McDonald’s Corp. sold the most debt in its history just two weeks after its plan to boost shareholder rewards to as much as $9 billion this year triggered credit-rating reductions.
The world’s biggest restaurant chain sold $4.3 billion in debt Monday, $2 billion in a three-part sale that was its largest dollar-denominated issue since 2008, and 2 billion euros ($2.3 billion) of securities in its biggest offering in the single currency. The borrowings come as McDonald’s implements a turnaround plan aimed at reversing a sales slide as its sagging shares trail the greater market.
“It’s not the strongest credit right now, but it’s still A-rated paper,” Scott Carmack, who helps manage $1.2 billion in fixed-income assets at Portland, Oregon-based Leader Capital, said by telephone. “European rates are even lower than rates in the U.S., so it’s prudent for them to match their revenue streams in terms of currency with the liability side of their balance sheet.”
Standard & Poor’s and Moody’s Investors Service cut the Oak Brook, Illinois-based company’s credit ratings after Chief Executive Officer Steve Easterbrook on May 4 presented a company reorganization program that included returning cash to shareholders.
The company’s shares are down 4 percent over the past year, compared with a 13 percent gain by the S&P 500 Index of U.S. stocks.
McDonald’s sold $600 million in 4.6 percent 30-year bonds at a yield of 1.55 percentage points more than similar-maturity Treasuries. That’s an 18 basis-point premium to the expected yield based on secondary prices of the company’s existing bonds Friday, according to data compiled by Bloomberg. A basis point is 0.01 percentage point.
The company sold euro debt in three-parts earlier and pulled a plan to issue a fourth portion of bonds which would have matured in 20 years.
“They’ve been under pressure recently, so I think the news stories around there helped it come cheap,” Jack Flaherty, who helps oversee about $17 billion as co-manager for GAM USA Inc.’s unconstrained bond strategy, which participated in the deal, said by telephone. As a bond investor, the negative news is “not enough to discourage you. They still have a tremendous amount of assets and great free cash flow.”

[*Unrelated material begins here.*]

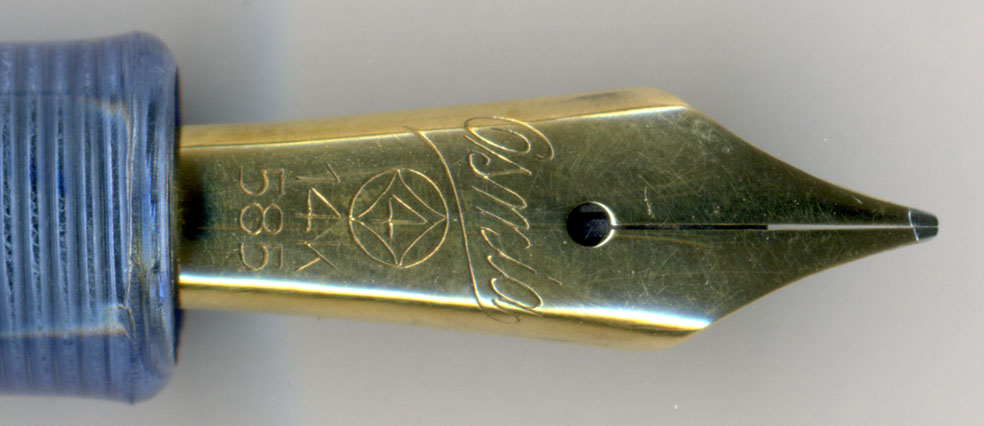 ペン先の拡大図を見ると、オブリークではないのに、ペンポイントは左側の方が長い。こういうおおざっぱさが実に良い。作りは独逸職人ぽいが、仕上げはイタリア的。

The amount raised Monday is nearly the $4.5 billion S&P said earlier this month it expected McDonald’s would borrow this year as it increases leverage in a more “aggressive shift” toward shareholder returns than previously anticipated.
JPMorgan Chase & Co., Bank of America Corp., Goldman Sachs Group Inc. and Morgan Stanley underwrote the deal, according to data compiled by Bloomberg.